Skip the pictures. Set down, word for word, the lines from the start of the material up to and including the line with "Chemin de Croix animé par AFM".

Segment Start: DATA SHOWN

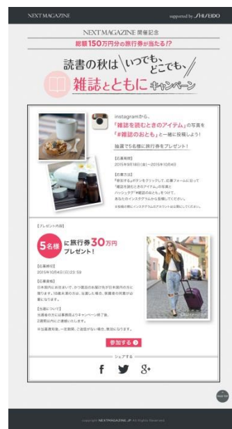
【キャンペーンサイトTOP】

■当選について： 当選者の方には事務局よりキャンペーン終了後2週間以内にご連絡いた します。
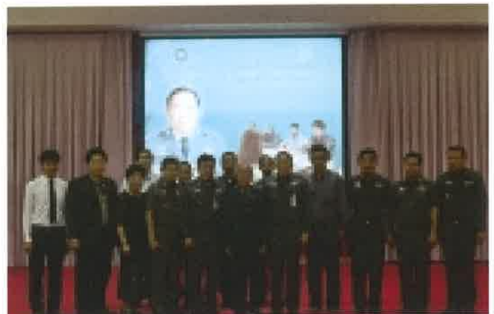
สถานีตำรวจนครบาลเมืองสงขลา ม.ทักษิณ จับมือพร้อมยกระดับการบริการประชาชน
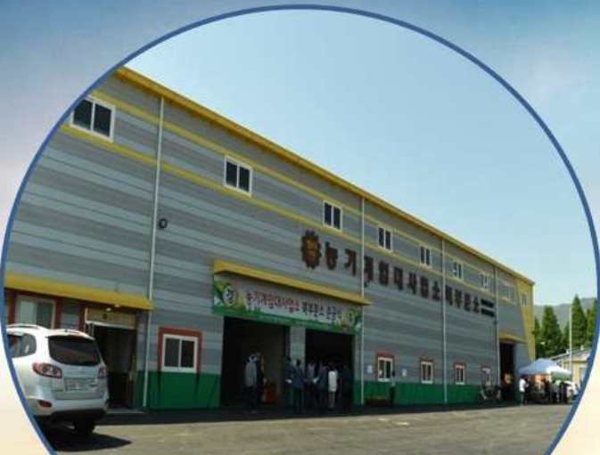
농기계임대사업소 북부분소(북이면) (2017년 5월 개소)
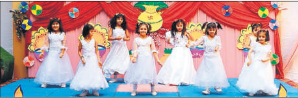
सांस्कृतिक कार्यक्रम प्रस्तुत करती छात्राएं।
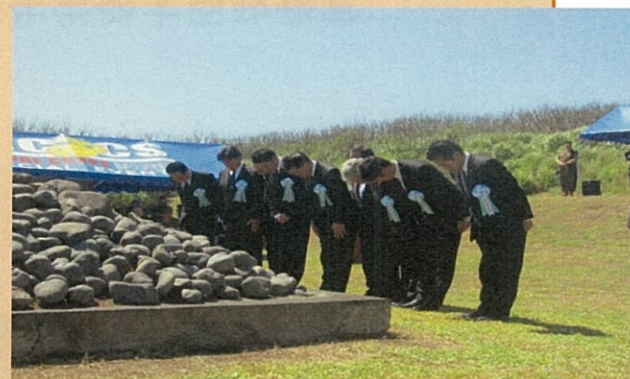
(平成27年度(71周年)式典)
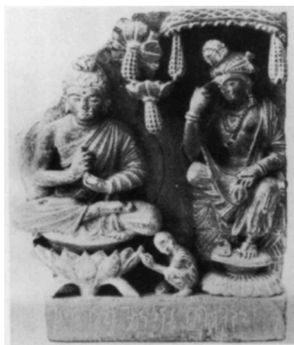
図 1-9. 刻銘三尊像
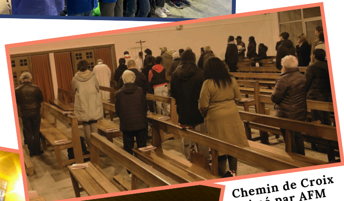
Chemin de Croix animé par AFM

Pour recevoir la lanterne chez vous, inscrivez-vous à la maison paroissiale!
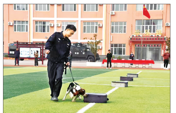
日前,文安县公安局联合县教育和体育局在龙街中学开展了“多彩警营进校园,警校携手护成长”活动,有效提升在校学生的法律意识、防范意识、安全意识和自我保护能力。图为搜救犬搜爆训练。

本报讯(通讯员金胜利 张艺典)大城县人民法院深耕县域文化,健全体系、服务基层,创新打造了“平纠纷、舒民心、法为桥”的“平舒法桥”多元解纷品牌,营造了共建共治共享的社会矛盾纠纷源头治理新格局。大城县人民法院主动连接公安、司法、律协等多部门团体,充分应用“一庭两所”矛盾纠纷联调机制,构建以人民法庭为中心,纵向延伸至乡镇、村街,横向对接司法所、派出所等综治单位的基层解纷服务体系;县域各乡镇设立法官工作室,人民法庭设立人民调解员工作室,指导金融保险业调解委员会调解工作;建立调解组织和调解员名册,制定考核机制,不定期进行业务培训,提高调解水平。
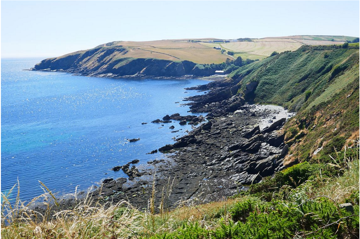
De oostkust van Man, nu van bovenaf gezien.

Het pad slingerde om talloze baaien heen en ik ben vaak even afgestapt om een fotootje te schieten van de imposante kapen die ruim honderd meter uit het water oprezen. Het zag er nog indrukwekkender uit dan vanaf zee. Daarna liep het pad door het lommerrijke binnenland. Ook schitterend, maar vanwege de steile hellingen vaak moeilijk befietsbaar.
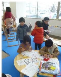
「遊び広場」でぬり絵
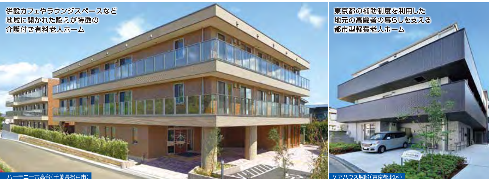
併設カフェやラウンジスペースなど 地域に開かれた設えが特徴の 介護付き有料老人ホーム

豊かな高齢化社会を考えて地域社会に貢献したいと考えるオーナーさまを応援します。 それが要介護の方を対象にした高齢者住宅です。さらに、入居者ニーズに応えるための「ケア付き高齢者住宅」をはじめ、幅広い高齢者事業建築を展開しています。
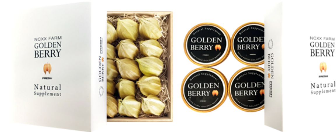
GOLDEN BERRY 桐箱ギフト

Segment End: DATA SHOWN

● **EXERCISE RESPONSE**
【キャンペーンサイトTOP】

■当選について： 当選者の方には事務局よりキャンペーン終了後2週間以内にご連絡いた します。
สถานีตำรวจนครบาลเมืองสงขลา ม.ทักษิณ จับมือพร้อมยกระดับการบริการประชาชน
농기계임대사업소 북부분소(북이면) (2017년 5월 개소)
सांस्कृतिक कार्यक्रम प्रस्तुत करती छात्राएं।
(平成27年度(71周年)式典)
図 1-9. 刻銘三尊像
Chemin de Croix animé par AFM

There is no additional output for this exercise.